16-07-05

Cd-roms kinderpornozaak Zandvoort 79 - The Lie detector

Marcel Vervloesem

La giustizia prova la sua innocenza ; la stampa tace 

Par Jacqueline de Croÿ

Justice proves his innocence ;  Belgian press keeps quiet

le 14 juillet 2005

Lunedì 11 luglio, i risultati del poligrafo  provano in tutto e per tutto le conclusioni degli specialisti : Marcel Vervloesem non ha violentato i suoi accusatori.
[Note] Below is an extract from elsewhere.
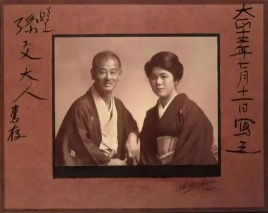 孙中山在日期间,梅屋庄吉正卧病在床,他委托萱野长知给孙中山捎去亲笔信和礼物,并附赠他和夫人德子摄于东京的合影。此为梅屋庄吉和德子夫人摄于东京的合影。(上海孙中山故居纪念馆藏)
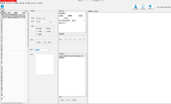 思其道智能题库系统是一种智能题库系统,分为题库管理,试卷管理,用户管理,系统设置,数据处理,风格设置六个子系统。软件使用对象:老师、家长、学校、教育培训机构以及有此需求的其他人员与企业。具有录题快,智能比题,智能出卷,智能练习,智能批卷等功能;并支持多种题库、多级审批。

Gli inquirenti, presenti al momento della prova con il lie detector, non gli hanno fatto nè le felicitazioni,nè porto le scuse.

Per altro, sono dodici anni che la stampa fiamminga ha coperto le sue pagine di accuse menzognere  verso il testimone principale della rete di Zandvoort e si seppe che i suoi delatori erano stati pagati non meno di 5.000 euro per depositare le accuse.

Secondo 2 testimonianze,il quotidiano "Het Latste  Nieuws" era stato avvertito dell'arresto di Marcel Vervloesem da un delatore che avrebbe  pagato con 500 euro per l'intervista di uno degli ultimi delatori. Se non c'è la prova che la totalità dei compensi provenga dalla stampa,questo giornale ha manifestatamente incoraggiato le diffamazioni che sono costate 6 settimane di prigione ad un innocente.

Questo senza ricordare le 8 settimane d'incarcerazione di un Re Yoruba e principale testimone della rete pedocriminale nigeriana. I due errori giudiziari emergono da un'inchiesta della polizia federale ed in tutti e due casi: i poliziotti hanno omesso di arrestare i delatori quando si sapeva che erano implicati in crimini ben più gravi. I due uomini erani stati invitati a tacere in prigione: Marcel Vervloesem allorchè la sua vita era in pericolo di fatto per l'irresponsabilità dei medici e del direttore della prigione ; e il Re Yoruba, allorchè era stato convin to di rinunciare a domandare giustizia per le violenze commesse sui bambini o per i 35 milioni di vecchi franchi che gli erano stati rubati.

Ciò solleva una questione di sapere perchè certi giornalisti belgi preferiscono accusare proditoriamente gli innocenti, gli stessi fino a pagare false testimonianze, allorchè ci sono molti e veri pedocriminali liberi e ci sono tante e credibili informazioni che possono contribuire alla protezione dell'infanzia.

Monday July 11, the results of the polygraph join in all points the conclusions of the specialists: Marcel Vervloesem did not rape his indicters. The inquirers, there at the time of the lie detector, did not present him neither apologies, nor congratulations. 

Further more, it has been 12 years that the Flemish press started to cover its pages of false accusations on the main witness of the paedophile network Zandvoort and it occurred that the indicters were paid at least 5000 euro to draw these formal complaints.

According to 2 testimonies, the newspaper "Het Latste Nieuws" was alerted of Marcel Vervloesems' arrest by one of the first indicters, but would have also paid 500 euro for the interview of one of the last indicters. Though there is no proof that all the remunerations for that cabal originally comes from the press, "Het Latste Nieuws" has obviously encouraged the false accusations that resulted to 6 weeks prison to an innocent

This is not without reminding the 8 weeks imprisonment of a Yoruba King, which happened to be the main witness of the Nigerian paedophile network. Both miscarriage of justice are the result of federal police inquiries and in both cases: the officers had failed to arrest the indicters when proved involved into serious crimes. Both men were invited to silence in prison: Marcel Vervloesem as his life was put in danger due to the irresponsibility of the prison doctor and head warden; and the Yoruba King, as he was convinced to give up asking justice for the violence committed upon his children or for the 868.000 euro that these people had swindled from him.

This raises the question as why do some Belgian journalists prefer to wrongly accuse innocent people and even to pay for false witnessing, when there are so many real paedophile criminals who are free and so many genuine information that can contribute to childrens' protection.